- Она не уходит... господи... пожалуйста... останови... останови её...
- Дэн, посмотри на меня!.. Твою мать, Дэн, прекрати!.. - тёплые живые тиски обхватывают и фиксируют мою голову, не смотря на все мои немощные попытки выкрутиться и отбиться. Не сразу осознаю, что это руки Лекса, его постоянно расплывающееся, рассеивающееся в свинцовых сумерках комнаты лицо.
- Открывай рот! Тебе надо выпить успокоительного! Дэн, ты меня слышишь? Иначе позову конюха, и он вкатит тебе лошадиную дозу снотворного! Ну же, будь хорошим мальчиком и не вынуждай меня связывать тебя прямо сейчас!

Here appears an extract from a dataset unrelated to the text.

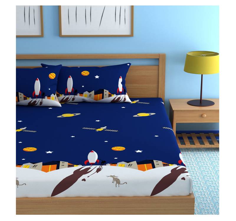 Fitted bedsheet size king all round elastic with 2 pillow covers - fit upto 8 inches mattress

В конечном счете ему удается затолкать мне в рот несколько капсул, придерживая одной рукой за затылок (очень сильно придерживая). Моя голова в те секунду, казалось, действительно была готова вот-вот лопнуть от всего этого безумия – от нереальной боли (нет, не физической!), от образов, сумасшедших идей и одержимых желаний... или от всего сразу, включая подскочившее до максимальной отметки кардио-давление и беспощадного жима пальцев Рейнольдза... Или от её скользящего, ослабевающего дыхания, едва задевающего мою мокрую от пота кожу и перетянутые сухожилия изнутри...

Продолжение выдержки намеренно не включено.